### Exercise description
Leave every image behind and restate the data word for word.

··· Given data

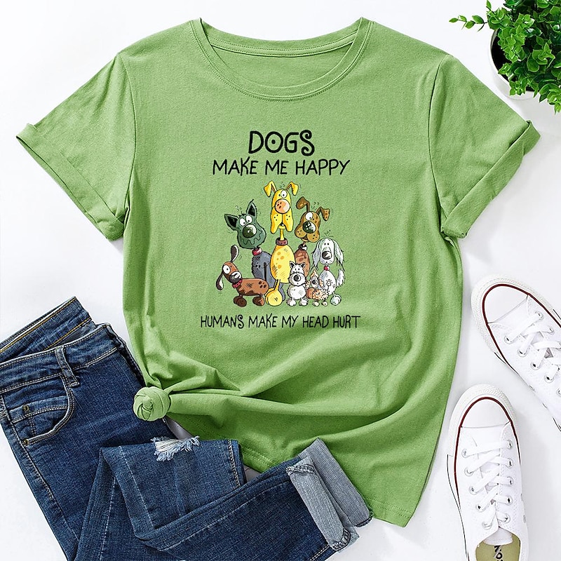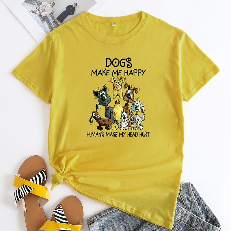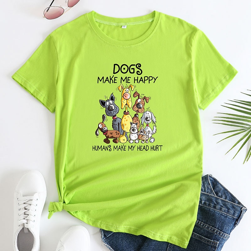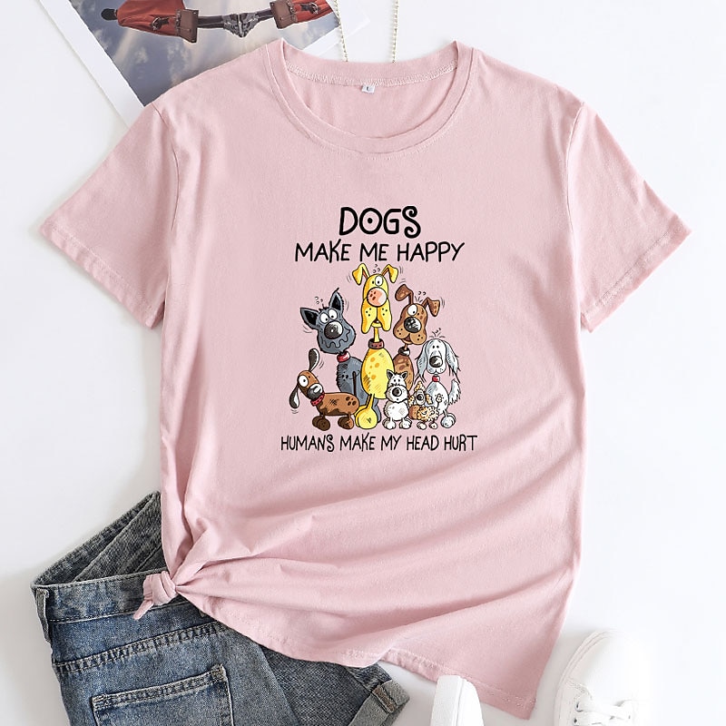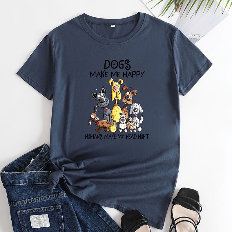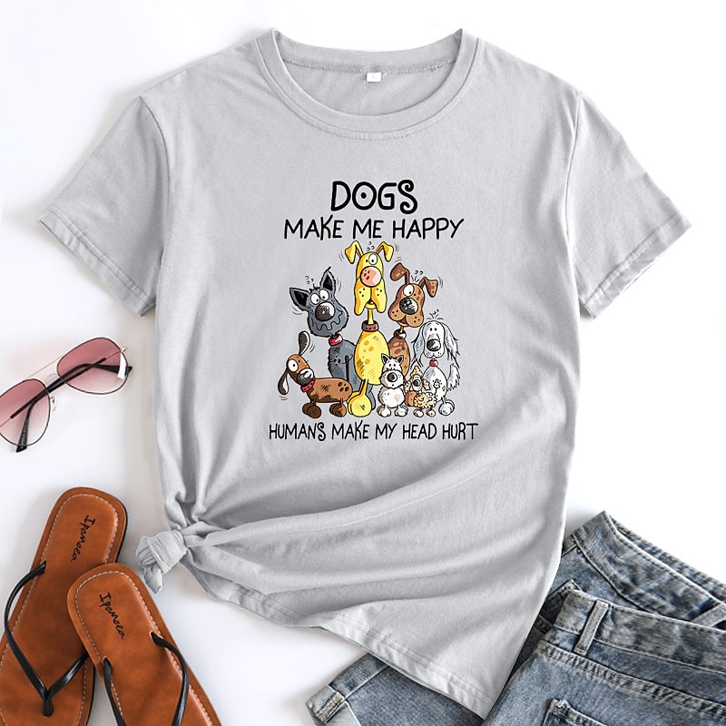 : The front of the t-shirt features a playful dog-themed graphic, displaying a group of cartoon dogs in vibrant colors, along with the humorous text, "Dogs make me happy, humans make my head hurt." This design element adds a touch of personality and fun, allowing you to express your love for dogs in a stylish way.
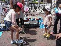 また、私たちのコーナーでは、竹作品作りの「実演」をしたり、子どもたちに遊び方も紹介して、楽しく見学し、遊ぶ子どもたちの姿が見受けられました。
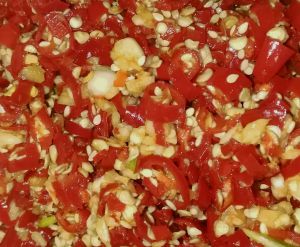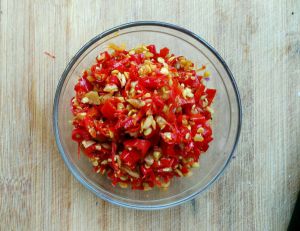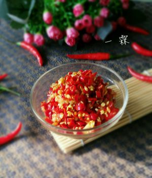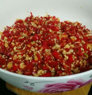 将辣椒在无水无油的面板上切碎,蒜、姜切末,放到容器中。加入白芝麻,盐,糖,白酒拌匀。

······

### Answer for this exercise
 : The front of the t-shirt features a playful dog-themed graphic, displaying a group of cartoon dogs in vibrant colors, along with the humorous text, "Dogs make me happy, humans make my head hurt." This design element adds a touch of personality and fun, allowing you to express your love for dogs in a stylish way.
 また、私たちのコーナーでは、竹作品作りの「実演」をしたり、子どもたちに遊び方も紹介して、楽しく見学し、遊ぶ子どもたちの姿が見受けられました。
 将辣椒在无水无油的面板上切碎,蒜、姜切末,放到容器中。加入白芝麻,盐,糖,白酒拌匀。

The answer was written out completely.